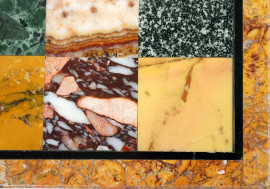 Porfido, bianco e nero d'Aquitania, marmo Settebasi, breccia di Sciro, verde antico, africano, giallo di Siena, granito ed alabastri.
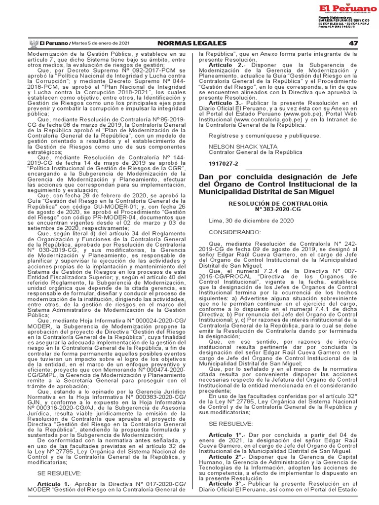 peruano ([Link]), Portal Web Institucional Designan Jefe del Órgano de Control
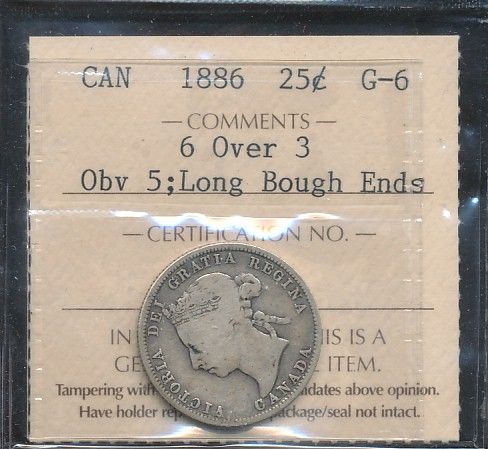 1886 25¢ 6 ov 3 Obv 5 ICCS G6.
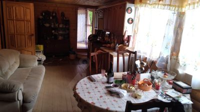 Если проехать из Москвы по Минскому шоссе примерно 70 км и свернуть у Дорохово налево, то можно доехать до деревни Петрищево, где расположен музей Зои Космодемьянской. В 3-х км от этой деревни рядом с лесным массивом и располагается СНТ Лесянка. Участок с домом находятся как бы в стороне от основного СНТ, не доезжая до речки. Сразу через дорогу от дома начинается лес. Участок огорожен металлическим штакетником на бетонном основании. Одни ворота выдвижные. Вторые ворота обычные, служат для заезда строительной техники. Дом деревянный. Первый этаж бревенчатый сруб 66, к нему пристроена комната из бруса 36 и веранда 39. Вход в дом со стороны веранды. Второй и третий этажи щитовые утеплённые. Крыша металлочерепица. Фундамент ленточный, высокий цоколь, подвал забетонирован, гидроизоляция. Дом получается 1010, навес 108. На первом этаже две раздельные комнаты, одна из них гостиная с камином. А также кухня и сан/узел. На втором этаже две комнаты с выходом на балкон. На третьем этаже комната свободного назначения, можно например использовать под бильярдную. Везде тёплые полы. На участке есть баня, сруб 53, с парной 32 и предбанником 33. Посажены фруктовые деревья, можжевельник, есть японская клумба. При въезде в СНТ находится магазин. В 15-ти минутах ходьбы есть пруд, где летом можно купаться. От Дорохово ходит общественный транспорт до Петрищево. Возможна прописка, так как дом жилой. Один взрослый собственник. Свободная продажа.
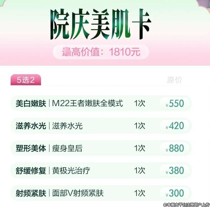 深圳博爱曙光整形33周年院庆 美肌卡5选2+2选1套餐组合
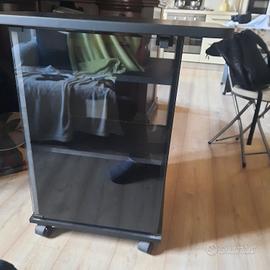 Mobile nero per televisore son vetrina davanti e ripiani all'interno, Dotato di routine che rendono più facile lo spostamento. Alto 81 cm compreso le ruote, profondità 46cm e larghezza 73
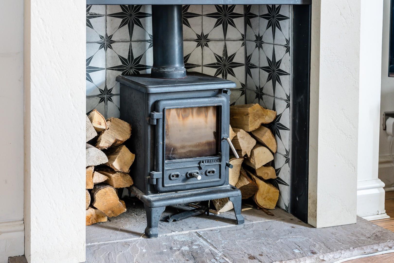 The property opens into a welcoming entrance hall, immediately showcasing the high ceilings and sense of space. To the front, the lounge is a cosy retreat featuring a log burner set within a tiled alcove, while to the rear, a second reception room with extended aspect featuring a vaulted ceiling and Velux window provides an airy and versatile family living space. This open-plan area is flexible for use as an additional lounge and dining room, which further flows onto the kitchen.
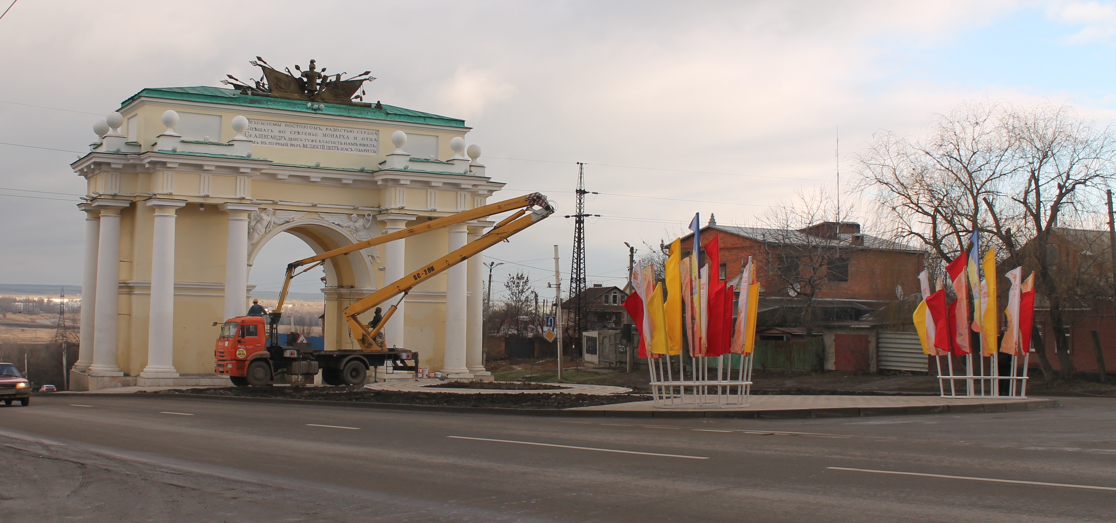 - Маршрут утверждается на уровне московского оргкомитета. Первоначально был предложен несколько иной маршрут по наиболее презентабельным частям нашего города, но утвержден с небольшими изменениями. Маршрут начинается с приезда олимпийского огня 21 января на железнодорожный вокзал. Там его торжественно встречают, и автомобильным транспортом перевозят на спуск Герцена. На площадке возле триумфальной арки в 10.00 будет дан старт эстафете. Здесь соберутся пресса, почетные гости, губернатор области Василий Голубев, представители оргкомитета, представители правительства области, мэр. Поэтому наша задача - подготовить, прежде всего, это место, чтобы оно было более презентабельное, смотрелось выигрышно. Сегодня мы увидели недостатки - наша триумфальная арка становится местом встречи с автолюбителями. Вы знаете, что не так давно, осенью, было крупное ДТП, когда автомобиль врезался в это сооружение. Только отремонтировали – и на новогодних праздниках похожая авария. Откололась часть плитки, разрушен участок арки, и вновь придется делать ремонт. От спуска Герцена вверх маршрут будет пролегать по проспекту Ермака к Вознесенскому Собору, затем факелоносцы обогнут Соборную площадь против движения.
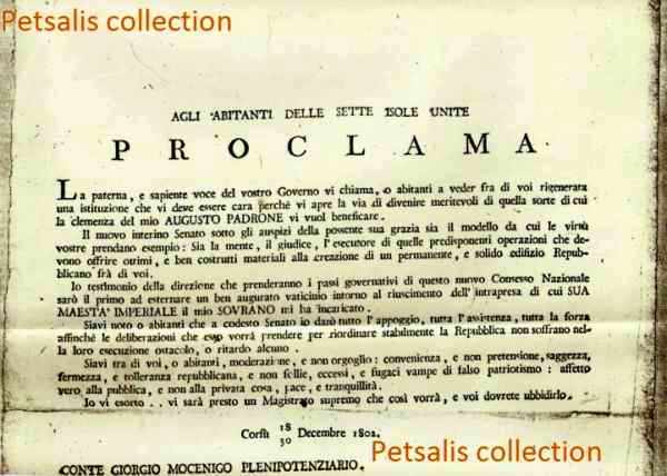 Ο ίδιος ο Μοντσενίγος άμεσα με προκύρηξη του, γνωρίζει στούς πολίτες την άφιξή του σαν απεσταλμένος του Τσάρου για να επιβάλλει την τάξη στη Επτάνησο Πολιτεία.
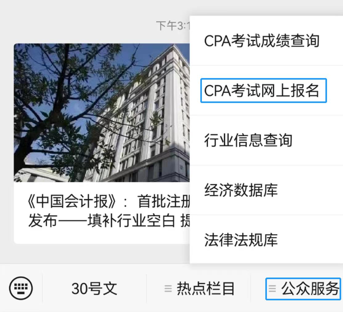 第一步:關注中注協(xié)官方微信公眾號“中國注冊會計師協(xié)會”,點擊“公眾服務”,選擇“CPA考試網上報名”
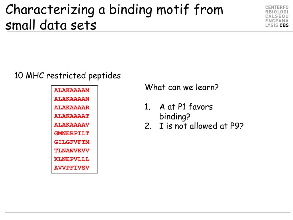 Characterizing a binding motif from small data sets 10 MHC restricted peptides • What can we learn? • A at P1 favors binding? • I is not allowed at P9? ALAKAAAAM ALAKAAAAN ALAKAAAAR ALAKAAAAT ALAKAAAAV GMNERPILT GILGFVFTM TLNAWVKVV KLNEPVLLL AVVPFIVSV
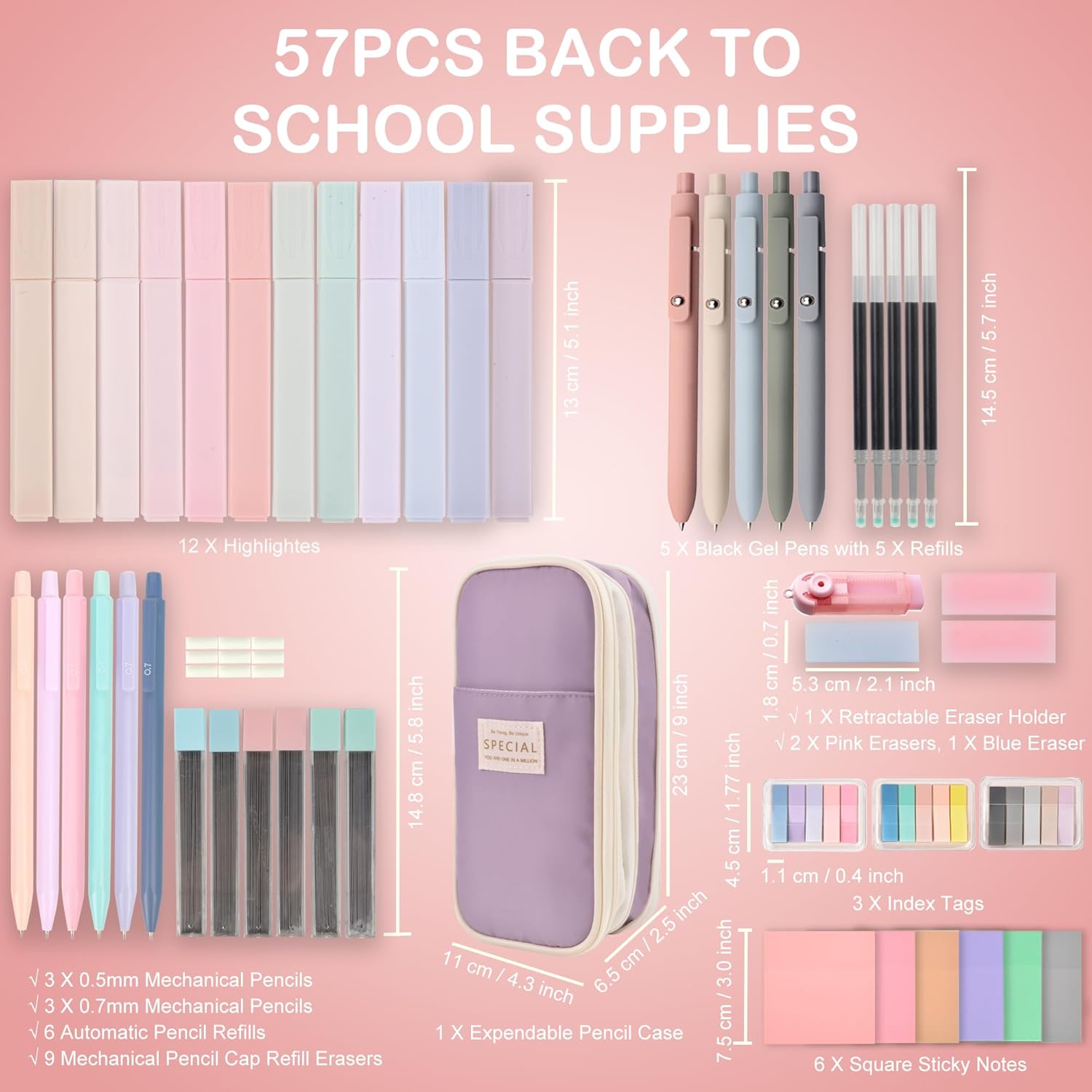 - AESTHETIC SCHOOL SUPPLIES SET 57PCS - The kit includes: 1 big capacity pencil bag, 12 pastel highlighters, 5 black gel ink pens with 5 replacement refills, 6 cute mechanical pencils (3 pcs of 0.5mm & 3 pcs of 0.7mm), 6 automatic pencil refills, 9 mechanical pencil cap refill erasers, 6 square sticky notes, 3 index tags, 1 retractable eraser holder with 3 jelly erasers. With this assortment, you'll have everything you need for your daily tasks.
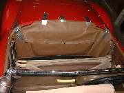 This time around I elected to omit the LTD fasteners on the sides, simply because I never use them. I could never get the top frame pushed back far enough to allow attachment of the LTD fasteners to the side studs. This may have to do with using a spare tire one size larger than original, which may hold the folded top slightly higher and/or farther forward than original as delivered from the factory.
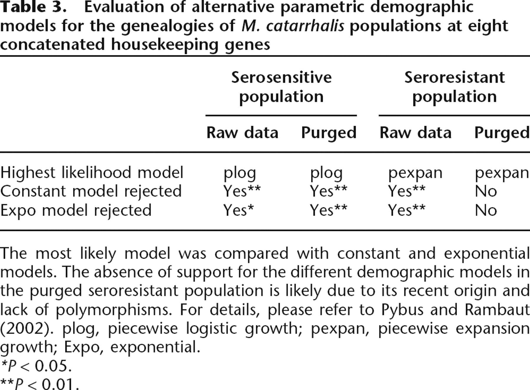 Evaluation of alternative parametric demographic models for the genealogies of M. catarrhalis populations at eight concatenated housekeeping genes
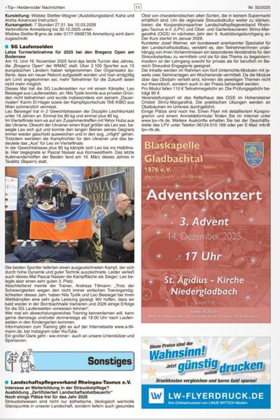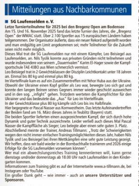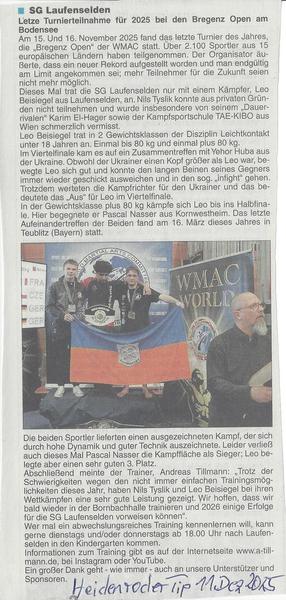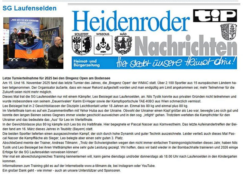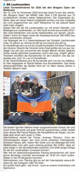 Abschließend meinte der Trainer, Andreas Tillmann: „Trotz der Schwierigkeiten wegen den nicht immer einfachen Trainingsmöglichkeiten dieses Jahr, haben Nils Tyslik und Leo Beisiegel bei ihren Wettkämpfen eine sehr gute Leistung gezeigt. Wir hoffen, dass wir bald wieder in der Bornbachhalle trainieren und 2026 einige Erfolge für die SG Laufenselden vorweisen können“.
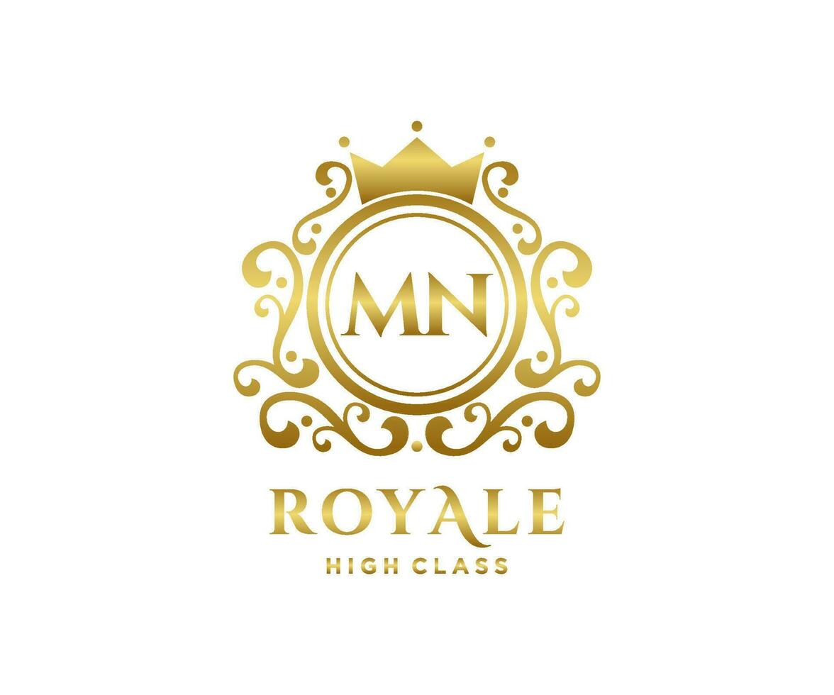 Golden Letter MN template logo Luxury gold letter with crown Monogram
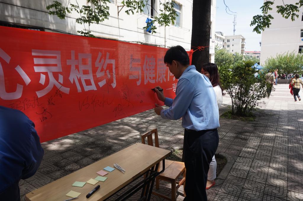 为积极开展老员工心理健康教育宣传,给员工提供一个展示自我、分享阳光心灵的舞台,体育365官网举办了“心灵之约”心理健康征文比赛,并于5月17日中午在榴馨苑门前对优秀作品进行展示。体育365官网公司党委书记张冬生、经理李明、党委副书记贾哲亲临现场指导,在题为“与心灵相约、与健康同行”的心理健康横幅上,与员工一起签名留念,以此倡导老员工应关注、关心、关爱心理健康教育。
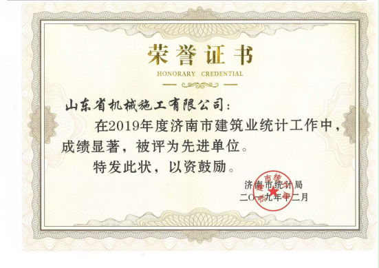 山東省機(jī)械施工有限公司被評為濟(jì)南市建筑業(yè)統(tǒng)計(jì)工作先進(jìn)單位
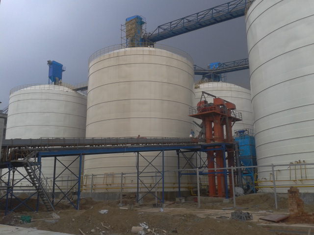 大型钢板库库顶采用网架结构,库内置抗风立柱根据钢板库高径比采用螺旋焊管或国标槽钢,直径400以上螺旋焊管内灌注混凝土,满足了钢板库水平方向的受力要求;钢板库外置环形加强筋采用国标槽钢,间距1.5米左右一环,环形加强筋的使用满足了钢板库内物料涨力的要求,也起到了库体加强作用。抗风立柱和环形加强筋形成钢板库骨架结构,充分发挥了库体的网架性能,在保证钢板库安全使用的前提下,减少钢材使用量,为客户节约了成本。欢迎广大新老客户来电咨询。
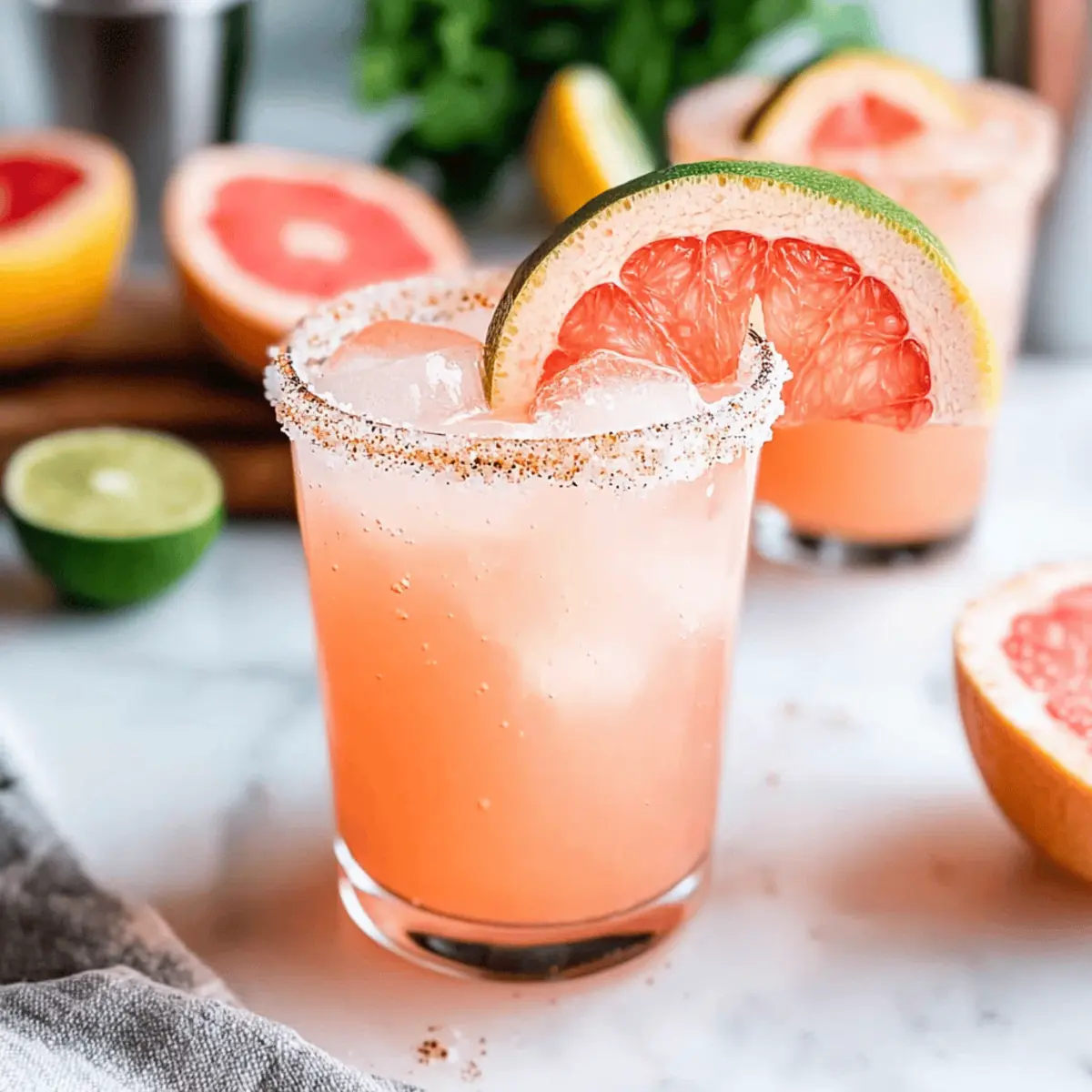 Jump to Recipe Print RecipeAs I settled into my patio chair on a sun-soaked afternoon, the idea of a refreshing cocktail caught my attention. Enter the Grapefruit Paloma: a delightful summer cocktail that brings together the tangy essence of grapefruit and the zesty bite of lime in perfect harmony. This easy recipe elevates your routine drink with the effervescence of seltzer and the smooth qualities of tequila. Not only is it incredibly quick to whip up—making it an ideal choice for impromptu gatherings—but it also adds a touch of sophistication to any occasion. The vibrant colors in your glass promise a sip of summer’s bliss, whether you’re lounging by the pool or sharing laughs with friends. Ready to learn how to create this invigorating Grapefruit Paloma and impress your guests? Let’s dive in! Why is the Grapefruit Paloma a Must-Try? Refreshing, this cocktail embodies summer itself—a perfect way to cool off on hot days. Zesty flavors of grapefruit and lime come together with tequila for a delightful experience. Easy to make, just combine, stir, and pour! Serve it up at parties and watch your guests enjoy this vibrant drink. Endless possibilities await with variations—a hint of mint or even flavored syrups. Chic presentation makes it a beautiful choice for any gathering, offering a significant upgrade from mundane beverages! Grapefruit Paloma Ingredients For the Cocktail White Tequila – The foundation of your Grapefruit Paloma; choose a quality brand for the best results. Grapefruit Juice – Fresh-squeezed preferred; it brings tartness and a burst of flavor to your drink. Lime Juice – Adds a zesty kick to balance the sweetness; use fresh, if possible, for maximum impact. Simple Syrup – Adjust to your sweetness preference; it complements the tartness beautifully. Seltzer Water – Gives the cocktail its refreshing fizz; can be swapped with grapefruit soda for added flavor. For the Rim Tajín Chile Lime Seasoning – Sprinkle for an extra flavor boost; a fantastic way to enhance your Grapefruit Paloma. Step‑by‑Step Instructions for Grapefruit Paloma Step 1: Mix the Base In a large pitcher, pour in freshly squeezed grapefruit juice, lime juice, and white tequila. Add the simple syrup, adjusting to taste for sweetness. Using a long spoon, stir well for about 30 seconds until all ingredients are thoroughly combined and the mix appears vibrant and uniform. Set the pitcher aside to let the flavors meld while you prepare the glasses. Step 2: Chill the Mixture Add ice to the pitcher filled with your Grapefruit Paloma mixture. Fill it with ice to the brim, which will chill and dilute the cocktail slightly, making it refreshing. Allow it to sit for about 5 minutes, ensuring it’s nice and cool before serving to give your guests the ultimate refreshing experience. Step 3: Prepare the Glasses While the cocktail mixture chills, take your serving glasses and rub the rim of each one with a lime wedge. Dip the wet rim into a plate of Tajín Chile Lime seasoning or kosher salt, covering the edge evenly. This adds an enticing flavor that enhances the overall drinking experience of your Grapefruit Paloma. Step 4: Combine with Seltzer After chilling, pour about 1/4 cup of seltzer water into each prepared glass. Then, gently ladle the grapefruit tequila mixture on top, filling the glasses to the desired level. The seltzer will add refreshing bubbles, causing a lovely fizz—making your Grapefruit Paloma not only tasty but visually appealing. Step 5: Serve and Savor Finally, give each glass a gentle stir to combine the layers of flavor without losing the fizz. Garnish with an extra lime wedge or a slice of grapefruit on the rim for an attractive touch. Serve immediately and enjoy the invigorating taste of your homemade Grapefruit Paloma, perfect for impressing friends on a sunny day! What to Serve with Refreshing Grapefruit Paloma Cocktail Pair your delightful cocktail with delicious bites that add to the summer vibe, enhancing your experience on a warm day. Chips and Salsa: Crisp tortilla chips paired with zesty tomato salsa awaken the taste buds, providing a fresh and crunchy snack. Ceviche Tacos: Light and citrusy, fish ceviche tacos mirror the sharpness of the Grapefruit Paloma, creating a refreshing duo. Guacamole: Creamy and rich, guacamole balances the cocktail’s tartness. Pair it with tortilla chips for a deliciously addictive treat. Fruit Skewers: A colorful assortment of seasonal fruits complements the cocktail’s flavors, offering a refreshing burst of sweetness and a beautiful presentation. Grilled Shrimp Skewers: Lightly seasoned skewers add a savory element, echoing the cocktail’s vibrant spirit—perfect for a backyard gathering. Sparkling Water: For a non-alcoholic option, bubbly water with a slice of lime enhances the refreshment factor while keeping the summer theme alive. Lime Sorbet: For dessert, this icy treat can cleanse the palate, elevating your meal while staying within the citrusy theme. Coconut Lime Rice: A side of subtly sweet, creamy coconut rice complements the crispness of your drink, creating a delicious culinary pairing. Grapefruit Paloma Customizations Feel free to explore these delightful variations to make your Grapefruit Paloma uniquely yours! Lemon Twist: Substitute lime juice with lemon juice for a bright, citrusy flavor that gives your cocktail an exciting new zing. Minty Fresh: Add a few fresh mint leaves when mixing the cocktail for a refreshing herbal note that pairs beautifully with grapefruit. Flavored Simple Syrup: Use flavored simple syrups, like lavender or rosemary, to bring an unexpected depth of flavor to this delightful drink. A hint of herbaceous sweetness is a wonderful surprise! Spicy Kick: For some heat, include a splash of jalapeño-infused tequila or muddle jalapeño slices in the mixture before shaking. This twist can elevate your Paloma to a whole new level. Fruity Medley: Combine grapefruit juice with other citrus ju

* * *

• [Work instruction]: For the data above, set down exactly the lines from the line with "Abschließend meinte der" to the line with "大型钢板库库顶采用网架结构,库内置抗风立", both included, leaving pictures out.

• [Result of the exercise]:
 Abschließend meinte der Trainer, Andreas Tillmann: „Trotz der Schwierigkeiten wegen den nicht immer einfachen Trainingsmöglichkeiten dieses Jahr, haben Nils Tyslik und Leo Beisiegel bei ihren Wettkämpfen eine sehr gute Leistung gezeigt. Wir hoffen, dass wir bald wieder in der Bornbachhalle trainieren und 2026 einige Erfolge für die SG Laufenselden vorweisen können“.
 Golden Letter MN template logo Luxury gold letter with crown Monogram
 为积极开展老员工心理健康教育宣传,给员工提供一个展示自我、分享阳光心灵的舞台,体育365官网举办了“心灵之约”心理健康征文比赛,并于5月17日中午在榴馨苑门前对优秀作品进行展示。体育365官网公司党委书记张冬生、经理李明、党委副书记贾哲亲临现场指导,在题为“与心灵相约、与健康同行”的心理健康横幅上,与员工一起签名留念,以此倡导老员工应关注、关心、关爱心理健康教育。
 山東省機(jī)械施工有限公司被評為濟(jì)南市建筑業(yè)統(tǒng)計(jì)工作先進(jìn)單位
 大型钢板库库顶采用网架结构,库内置抗风立柱根据钢板库高径比采用螺旋焊管或国标槽钢,直径400以上螺旋焊管内灌注混凝土,满足了钢板库水平方向的受力要求;钢板库外置环形加强筋采用国标槽钢,间距1.5米左右一环,环形加强筋的使用满足了钢板库内物料涨力的要求,也起到了库体加强作用。抗风立柱和环形加强筋形成钢板库骨架结构,充分发挥了库体的网架性能,在保证钢板库安全使用的前提下,减少钢材使用量,为客户节约了成本。欢迎广大新老客户来电咨询。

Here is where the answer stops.